Your Data is Strewn Across the Internet

This morning I started tackling a todo that I’ve been meaning to handle for a while: going through my LastPass account manager and checking on the ~600 sites and 900ish entries that I have. This is after some regular small cleanups in the past to satisfy their vault password challenge requirements.

I don’t want to just go through and delete old account logins, though I admit that would be much easier than what I got myself into. Instead, I decided that I should go to old accounts that I no longer use and actually delete them and their associated data before removing account information.

I have accounts with highly personal information, beyond my name and even address, up to information for my parents, finances, schooling, and more, all with various levels of account deletion abilities. This isn’t the kind of information that I want to purposefully leave in databases that I don’t have control of after having put the information there myself.

All of that considered, I began the slog of working through that long list, looking for sites that I still use, are for clients, I no longer need, or aren’t even online anymore (more than I’d have suspected at the start).

How Hard is This?

For many websites it’s not terrible. You may have to navigate multiple screens, but the delete feature is available to you. Even Facebook, which I finally got rid of a couple of months ago, has a self-delete tool, though I question how much that actually deletes, and that is still harder than it should be to find.

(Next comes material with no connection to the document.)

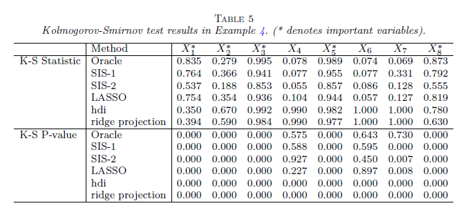 k-s 통계량을 확인해보면, important variable인 $\left\{x_1,x_2,x_3,x_5\right\}$의 p-value 값은 significant한 반면, noise variable인 $\left\{x_4,x_6\right\}$는 non-significant한 것을 알 수 있다. 즉, important variable은 p-value가 균일분포를 따라야 한다는 귀무가설을 기각하고, noise variable은 p-value가 균일분포를 따라야한다는 귀무가설을 기각하지 못 한다. 결론적으로, noise variable의 oracle p-value는 귀무가설 하에서 균일분포를 따라야한다는 가정을 만족한다.

Several websites require you contact support, which is a pain but not entirely surprising. What is a pain is how hard it is to contact support on these sites. Several sites offer phone support only, or chat support that often won’t load with an ad-blocker on.

The sites that are most infuriating are the sites that don’t allow you to access your account details at all after logging in without extending your subscription. Intuit and AgileCRM are two examples of this type of site, which allow me to login to my account, but won’t allow me to progress beyond a “give us more money because you’re expired” interstitial. This means that even if I’m signing in solely to get rid of the highly personal data that they have stored on me, I can’t. Both have received emails from me, along with the other sites that I can’t delete myself from.

A Barnes and Noble support person directly told me twice that they do not delete accounts, even after I questioned whether that option would become available after 25 May.

What about WordPress?

Funny enough, for as long as I used WordPress on hundreds of accounts, many of them administrators, I didn’t realize that standard users don’t have the ability to delete their own accounts. Thanks to the forthcoming General Data Protection Regulation taking affect in the EU in under two weeks, WordPress core has been considering how to comply and addressing those issues, albeit slower than a project of this size should be taking it up.

While I don’t know how it’ll work, it does look like the idea of being able to delete your own data and anonymize it is being worked on (#43637 (Add filters and ajax support for personal data erasure) โ€“ WordPress Trac). It’s yet to be seen how this will work for an end user, but I hope that it becomes as easy as many other features of WordPress have become.

Who are the Winners?

Some services deserve to get called out, but for being easy to delete as opposed to challenging or impossible. Simplenote and Firefox are two examples that place the delete account button directly on your account page, without the need to hunt around.

Firefox account page with delete account button
It’s not that I don’t like you Firefox, this is just an email that I no longer use!

Why Does this Matter?

Maybe it doesn’t to you. It probably won’t be an issue for me either, but like subscriptions to newsletters that I am unwittingly added to, old accounts quickly pile up.

Some accounts I forget exist because they were created for a one time purpose, like a document signing website that I had to sign up for to sign for a lease on an old apartment. That site does not have a self-delete tool, yet it maintains my previous and current address, contact information, and financial information that was used to verify my lease elligibility.

It should be unacceptable that we cannot control accounts that we create on websites that we supply with our data. If I choose to no longer use that website I should have better recourse than just forgetting that my data is out there in a place that is specifically unwilling to let me manage and remove it.